Different namespace application might require different maximal number
of TCP sockets independently of the host.
Signed-off-by: Haishuang Yan <[email protected]>
---
include/net/netns/ipv4.h | 1 +
include/net/tcp.h | 5 +++--
net/ipv4/sysctl_net_ipv4.c | 14 +++++++-------
net/ipv4/tcp.c | 3 ---
net/ipv4/tcp_input.c | 1 -
net/ipv4/tcp_ipv4.c | 1 +
6 files changed, 12 insertions(+), 13 deletions(-)

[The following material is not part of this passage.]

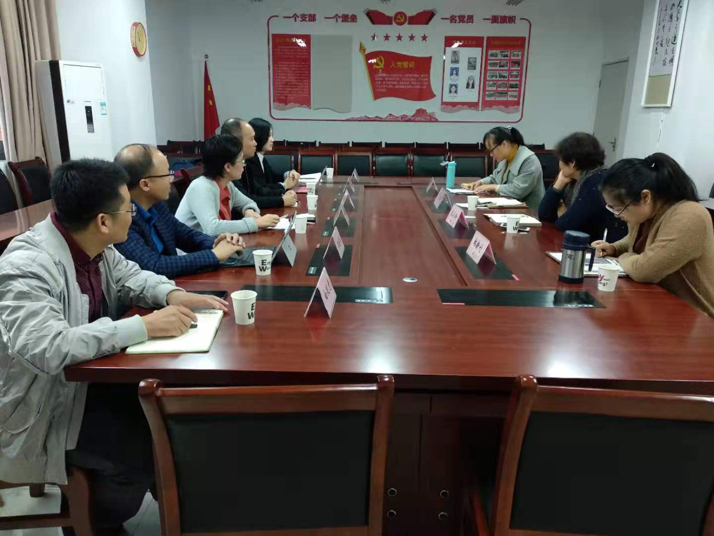 为进一步巩固“不忘初心、牢记使命”主题教育成效,根据学院党委安排部署,聚焦“守初心、担使命、找差距、抓落实”总要求,确保主题教育高起点开局、高标准开展、高质量推进,11月12日,学院党委书记郑彩莲会同党委副书记唐华,党委委员、教工第一党支部书记周建华,国际生专业负责人王露,实训中心实验员白延虎,辅导员黄汉一行六人赴重庆工商大学经济学院走访调研。

diff --git a/include/net/netns/ipv4.h b/include/net/netns/ipv4.h
index 20d061c..305e031 100644
--- a/include/net/netns/ipv4.h
+++ b/include/net/netns/ipv4.h
@@ -127,6 +127,7 @@ struct netns_ipv4 {
int sysctl_tcp_timestamps;
struct inet_timewait_death_row tcp_death_row;
int sysctl_max_syn_backlog;
+ int sysctl_tcp_max_orphans;
#ifdef CONFIG_NET_L3_MASTER_DEV
int sysctl_udp_l3mdev_accept;
diff --git a/include/net/tcp.h b/include/net/tcp.h
index b510f28..ac2d998 100644
--- a/include/net/tcp.h
+++ b/include/net/tcp.h
@@ -320,10 +320,11 @@ static inline bool tcp_too_many_orphans(struct sock *sk, int shift)
{
struct percpu_counter *ocp = sk->sk_prot->orphan_count;
int orphans = percpu_counter_read_positive(ocp);
+ int tcp_max_orphans = sock_net(sk)->ipv4.sysctl_tcp_max_orphans;
- if (orphans << shift > sysctl_tcp_max_orphans) {
+ if (orphans << shift > tcp_max_orphans) {
orphans = percpu_counter_sum_positive(ocp);
- if (orphans << shift > sysctl_tcp_max_orphans)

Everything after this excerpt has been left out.